• **Exercise prompt**: On the basis of the records below, report how many lines contain the word "wedding". Nothing else should be given.

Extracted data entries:
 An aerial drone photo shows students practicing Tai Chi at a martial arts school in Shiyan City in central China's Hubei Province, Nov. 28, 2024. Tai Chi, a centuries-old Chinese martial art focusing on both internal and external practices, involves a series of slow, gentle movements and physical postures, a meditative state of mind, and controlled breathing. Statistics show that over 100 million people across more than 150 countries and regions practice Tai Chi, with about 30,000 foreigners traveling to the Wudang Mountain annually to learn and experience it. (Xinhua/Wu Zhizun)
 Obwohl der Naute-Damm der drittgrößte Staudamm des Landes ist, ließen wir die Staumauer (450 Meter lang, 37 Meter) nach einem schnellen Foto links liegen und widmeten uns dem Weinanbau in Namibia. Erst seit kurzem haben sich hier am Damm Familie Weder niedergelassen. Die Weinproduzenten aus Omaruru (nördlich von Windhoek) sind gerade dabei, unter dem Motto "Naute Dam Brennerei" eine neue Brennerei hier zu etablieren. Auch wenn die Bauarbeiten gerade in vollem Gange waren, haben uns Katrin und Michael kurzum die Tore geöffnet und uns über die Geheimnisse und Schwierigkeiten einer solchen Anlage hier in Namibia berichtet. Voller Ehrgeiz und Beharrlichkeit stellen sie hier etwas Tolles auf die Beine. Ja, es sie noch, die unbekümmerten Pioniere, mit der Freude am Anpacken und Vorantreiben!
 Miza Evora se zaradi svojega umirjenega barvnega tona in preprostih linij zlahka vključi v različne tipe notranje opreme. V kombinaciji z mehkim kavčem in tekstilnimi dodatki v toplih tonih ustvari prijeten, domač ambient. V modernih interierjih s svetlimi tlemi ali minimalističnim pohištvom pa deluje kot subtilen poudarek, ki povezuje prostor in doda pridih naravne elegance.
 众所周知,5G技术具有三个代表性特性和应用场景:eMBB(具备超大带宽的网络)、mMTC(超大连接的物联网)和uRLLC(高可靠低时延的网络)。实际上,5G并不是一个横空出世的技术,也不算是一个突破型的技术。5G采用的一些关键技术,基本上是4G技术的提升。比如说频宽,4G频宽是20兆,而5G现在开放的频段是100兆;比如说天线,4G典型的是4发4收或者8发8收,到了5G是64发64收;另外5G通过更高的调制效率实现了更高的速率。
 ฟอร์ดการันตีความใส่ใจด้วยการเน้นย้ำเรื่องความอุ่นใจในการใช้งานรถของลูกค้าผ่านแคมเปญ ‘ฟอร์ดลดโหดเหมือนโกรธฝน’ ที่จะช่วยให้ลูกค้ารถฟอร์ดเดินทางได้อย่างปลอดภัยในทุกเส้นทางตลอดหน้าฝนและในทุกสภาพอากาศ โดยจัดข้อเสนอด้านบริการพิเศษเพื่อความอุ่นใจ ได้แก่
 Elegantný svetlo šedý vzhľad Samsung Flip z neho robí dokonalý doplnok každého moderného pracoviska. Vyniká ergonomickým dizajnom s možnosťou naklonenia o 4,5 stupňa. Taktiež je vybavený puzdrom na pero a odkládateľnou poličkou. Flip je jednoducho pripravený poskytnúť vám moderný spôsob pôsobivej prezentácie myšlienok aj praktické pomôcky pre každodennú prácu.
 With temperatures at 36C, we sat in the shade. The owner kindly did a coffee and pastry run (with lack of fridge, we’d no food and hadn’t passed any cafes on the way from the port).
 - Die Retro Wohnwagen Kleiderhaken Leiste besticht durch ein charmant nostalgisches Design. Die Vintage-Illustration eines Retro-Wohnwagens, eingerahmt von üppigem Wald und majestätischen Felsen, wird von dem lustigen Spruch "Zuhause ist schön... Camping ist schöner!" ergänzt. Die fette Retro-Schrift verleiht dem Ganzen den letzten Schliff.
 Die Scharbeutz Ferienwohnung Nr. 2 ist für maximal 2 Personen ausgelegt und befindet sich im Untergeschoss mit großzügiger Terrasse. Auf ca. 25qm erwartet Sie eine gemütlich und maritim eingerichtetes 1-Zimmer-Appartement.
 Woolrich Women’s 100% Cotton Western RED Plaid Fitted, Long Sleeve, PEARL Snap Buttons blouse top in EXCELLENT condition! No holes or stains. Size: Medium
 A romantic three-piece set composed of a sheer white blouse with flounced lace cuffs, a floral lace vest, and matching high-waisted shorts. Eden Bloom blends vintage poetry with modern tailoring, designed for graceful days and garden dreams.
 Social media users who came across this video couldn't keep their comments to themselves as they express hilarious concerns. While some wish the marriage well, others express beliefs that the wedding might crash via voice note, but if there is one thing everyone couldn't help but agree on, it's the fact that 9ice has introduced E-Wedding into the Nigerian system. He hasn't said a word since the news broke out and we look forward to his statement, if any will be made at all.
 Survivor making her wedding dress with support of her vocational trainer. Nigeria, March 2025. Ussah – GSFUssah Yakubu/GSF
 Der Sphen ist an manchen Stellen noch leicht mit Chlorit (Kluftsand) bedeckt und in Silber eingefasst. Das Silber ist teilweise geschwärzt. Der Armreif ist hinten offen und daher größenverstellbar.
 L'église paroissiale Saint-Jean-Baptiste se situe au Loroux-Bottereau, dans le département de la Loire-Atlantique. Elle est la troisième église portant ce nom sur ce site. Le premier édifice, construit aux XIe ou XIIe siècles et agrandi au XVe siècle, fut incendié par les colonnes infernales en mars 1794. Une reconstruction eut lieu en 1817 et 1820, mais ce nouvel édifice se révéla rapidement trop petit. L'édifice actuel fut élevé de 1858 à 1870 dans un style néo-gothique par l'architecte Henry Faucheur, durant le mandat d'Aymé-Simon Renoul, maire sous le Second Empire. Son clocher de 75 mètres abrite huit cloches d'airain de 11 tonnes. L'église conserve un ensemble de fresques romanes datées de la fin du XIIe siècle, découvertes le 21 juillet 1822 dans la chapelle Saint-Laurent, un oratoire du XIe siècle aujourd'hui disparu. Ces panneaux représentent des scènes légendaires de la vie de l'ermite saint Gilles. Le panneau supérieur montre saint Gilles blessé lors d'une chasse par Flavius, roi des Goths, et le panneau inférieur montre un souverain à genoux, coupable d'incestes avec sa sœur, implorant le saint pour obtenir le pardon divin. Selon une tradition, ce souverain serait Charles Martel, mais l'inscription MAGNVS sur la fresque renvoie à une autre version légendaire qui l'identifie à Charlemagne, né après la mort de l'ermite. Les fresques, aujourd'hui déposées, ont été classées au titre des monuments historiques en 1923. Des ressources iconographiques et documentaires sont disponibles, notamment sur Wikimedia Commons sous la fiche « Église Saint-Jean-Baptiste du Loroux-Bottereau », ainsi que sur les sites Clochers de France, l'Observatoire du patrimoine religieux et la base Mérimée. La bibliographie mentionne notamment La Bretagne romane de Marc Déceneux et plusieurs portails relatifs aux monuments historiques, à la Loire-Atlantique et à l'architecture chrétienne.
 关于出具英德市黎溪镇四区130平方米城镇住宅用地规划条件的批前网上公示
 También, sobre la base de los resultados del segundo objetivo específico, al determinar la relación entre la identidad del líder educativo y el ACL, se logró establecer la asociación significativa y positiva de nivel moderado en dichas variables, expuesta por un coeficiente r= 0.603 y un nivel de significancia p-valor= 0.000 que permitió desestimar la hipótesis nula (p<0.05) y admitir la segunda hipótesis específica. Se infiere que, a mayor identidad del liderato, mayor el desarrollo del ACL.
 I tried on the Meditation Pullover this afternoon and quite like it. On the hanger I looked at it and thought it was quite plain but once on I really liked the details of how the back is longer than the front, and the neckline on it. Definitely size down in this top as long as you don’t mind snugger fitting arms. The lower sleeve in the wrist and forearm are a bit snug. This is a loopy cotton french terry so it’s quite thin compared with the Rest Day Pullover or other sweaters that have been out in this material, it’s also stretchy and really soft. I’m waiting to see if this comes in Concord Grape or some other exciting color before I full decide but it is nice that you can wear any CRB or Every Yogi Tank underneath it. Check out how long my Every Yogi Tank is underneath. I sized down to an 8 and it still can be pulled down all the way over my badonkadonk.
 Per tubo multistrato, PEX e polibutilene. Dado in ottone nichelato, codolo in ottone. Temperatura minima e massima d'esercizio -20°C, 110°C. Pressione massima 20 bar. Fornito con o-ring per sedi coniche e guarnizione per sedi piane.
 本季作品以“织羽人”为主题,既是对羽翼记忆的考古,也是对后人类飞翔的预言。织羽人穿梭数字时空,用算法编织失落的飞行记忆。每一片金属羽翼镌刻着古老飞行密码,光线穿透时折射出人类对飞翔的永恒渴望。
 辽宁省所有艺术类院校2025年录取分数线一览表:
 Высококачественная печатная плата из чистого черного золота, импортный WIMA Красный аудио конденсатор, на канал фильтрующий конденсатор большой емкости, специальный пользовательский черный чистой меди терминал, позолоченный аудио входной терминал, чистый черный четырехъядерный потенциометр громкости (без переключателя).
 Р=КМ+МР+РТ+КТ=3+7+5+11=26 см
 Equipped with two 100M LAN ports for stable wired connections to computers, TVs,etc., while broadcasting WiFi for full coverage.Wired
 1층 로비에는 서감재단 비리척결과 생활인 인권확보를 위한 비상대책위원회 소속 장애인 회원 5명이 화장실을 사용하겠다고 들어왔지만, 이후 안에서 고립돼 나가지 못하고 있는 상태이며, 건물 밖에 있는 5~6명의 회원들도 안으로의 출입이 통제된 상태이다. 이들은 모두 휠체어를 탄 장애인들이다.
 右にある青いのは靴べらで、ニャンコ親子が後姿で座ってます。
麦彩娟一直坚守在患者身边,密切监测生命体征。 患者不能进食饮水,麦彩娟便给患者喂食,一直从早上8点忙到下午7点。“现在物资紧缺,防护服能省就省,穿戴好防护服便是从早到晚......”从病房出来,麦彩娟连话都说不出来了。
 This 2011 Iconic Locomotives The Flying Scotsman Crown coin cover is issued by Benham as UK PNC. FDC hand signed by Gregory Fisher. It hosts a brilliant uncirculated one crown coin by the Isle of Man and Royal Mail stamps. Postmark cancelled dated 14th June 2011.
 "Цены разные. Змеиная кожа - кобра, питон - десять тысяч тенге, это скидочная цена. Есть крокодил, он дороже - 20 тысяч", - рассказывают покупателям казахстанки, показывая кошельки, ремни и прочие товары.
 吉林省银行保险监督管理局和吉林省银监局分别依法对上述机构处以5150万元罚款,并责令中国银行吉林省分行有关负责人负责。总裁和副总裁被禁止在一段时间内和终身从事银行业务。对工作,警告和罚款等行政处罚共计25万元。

• **Task solution**: 2